## Brief
From the line holding "自动断电后捞出干海带,加入木鱼花,开启水果茶模式。" through the line holding "ГДЗ решение к" below, write out every line exactly; include both of those lines and drop the pictures.

## Records shown
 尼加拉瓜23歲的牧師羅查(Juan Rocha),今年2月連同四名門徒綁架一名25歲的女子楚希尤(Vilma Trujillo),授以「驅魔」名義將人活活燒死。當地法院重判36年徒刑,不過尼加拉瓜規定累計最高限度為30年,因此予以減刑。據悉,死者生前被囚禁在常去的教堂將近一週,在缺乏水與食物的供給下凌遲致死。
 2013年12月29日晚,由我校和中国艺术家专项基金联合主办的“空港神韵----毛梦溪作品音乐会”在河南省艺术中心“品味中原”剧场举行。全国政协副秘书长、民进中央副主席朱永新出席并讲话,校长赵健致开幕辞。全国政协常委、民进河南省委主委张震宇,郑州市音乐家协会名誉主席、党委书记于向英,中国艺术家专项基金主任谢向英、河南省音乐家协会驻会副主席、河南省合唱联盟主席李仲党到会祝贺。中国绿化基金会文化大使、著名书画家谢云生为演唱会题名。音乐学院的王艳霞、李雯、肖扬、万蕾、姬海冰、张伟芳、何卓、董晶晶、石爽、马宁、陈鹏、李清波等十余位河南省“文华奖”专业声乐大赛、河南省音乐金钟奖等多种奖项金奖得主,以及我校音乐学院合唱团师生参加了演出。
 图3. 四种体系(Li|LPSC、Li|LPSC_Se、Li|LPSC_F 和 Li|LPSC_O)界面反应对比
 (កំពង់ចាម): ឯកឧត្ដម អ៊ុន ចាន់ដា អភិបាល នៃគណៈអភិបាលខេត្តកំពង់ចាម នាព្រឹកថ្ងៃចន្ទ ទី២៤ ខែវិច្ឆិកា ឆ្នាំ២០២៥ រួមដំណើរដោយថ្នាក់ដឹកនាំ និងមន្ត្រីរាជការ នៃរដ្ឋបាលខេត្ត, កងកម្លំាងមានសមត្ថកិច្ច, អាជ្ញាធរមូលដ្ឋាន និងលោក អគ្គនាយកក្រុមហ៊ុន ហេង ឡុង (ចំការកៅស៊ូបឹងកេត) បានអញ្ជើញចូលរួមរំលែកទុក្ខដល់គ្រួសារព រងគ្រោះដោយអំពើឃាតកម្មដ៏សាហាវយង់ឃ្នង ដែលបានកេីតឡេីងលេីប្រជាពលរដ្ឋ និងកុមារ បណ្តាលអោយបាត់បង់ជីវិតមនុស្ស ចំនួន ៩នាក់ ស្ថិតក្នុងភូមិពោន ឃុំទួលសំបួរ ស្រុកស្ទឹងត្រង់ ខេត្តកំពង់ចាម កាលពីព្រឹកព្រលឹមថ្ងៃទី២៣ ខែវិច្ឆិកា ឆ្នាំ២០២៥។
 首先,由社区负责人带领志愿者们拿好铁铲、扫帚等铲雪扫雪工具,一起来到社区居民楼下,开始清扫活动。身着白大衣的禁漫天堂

...

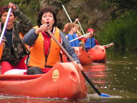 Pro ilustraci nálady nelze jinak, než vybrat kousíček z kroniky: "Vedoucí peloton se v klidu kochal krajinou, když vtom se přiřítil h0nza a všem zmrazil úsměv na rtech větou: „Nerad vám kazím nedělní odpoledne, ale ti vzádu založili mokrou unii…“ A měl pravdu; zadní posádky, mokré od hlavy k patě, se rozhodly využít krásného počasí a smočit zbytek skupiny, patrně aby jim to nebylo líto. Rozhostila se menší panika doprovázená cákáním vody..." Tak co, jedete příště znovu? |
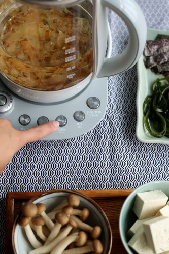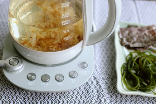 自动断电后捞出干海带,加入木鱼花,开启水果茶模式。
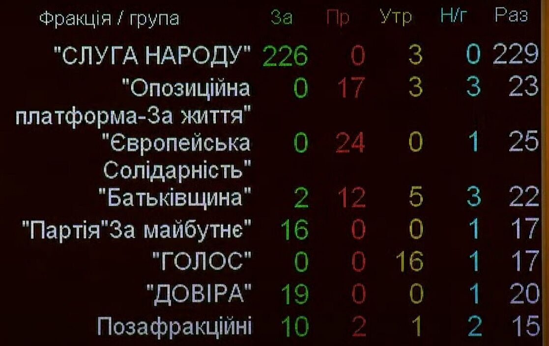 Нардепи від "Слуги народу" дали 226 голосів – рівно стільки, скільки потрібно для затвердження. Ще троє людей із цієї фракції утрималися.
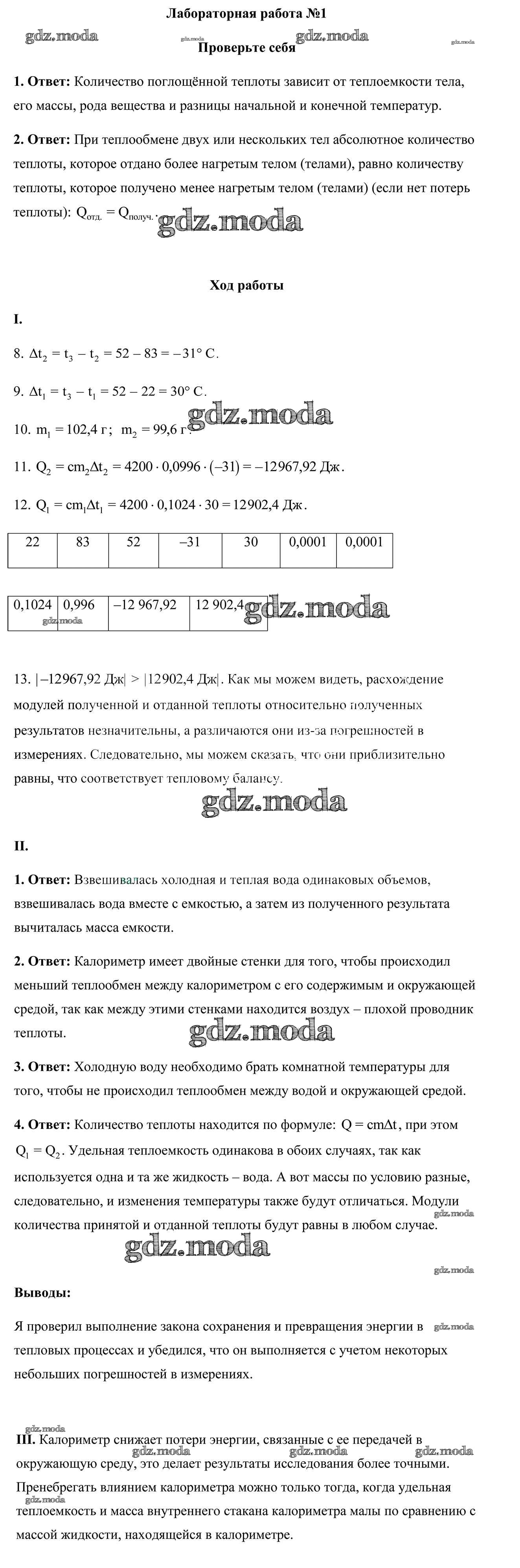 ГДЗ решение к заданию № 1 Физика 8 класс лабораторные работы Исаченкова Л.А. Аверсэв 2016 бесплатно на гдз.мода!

* * *

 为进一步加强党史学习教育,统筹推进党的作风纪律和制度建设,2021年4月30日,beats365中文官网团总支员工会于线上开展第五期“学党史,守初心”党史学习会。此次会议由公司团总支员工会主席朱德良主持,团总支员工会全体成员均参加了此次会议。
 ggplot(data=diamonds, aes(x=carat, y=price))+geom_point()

## Solution to the exercise
 自动断电后捞出干海带,加入木鱼花,开启水果茶模式。
 Нардепи від "Слуги народу" дали 226 голосів – рівно стільки, скільки потрібно для затвердження. Ще троє людей із цієї фракції утрималися.
 ГДЗ решение к заданию № 1 Физика 8 класс лабораторные работы Исаченкова Л.А. Аверсэв 2016 бесплатно на гдз.мода!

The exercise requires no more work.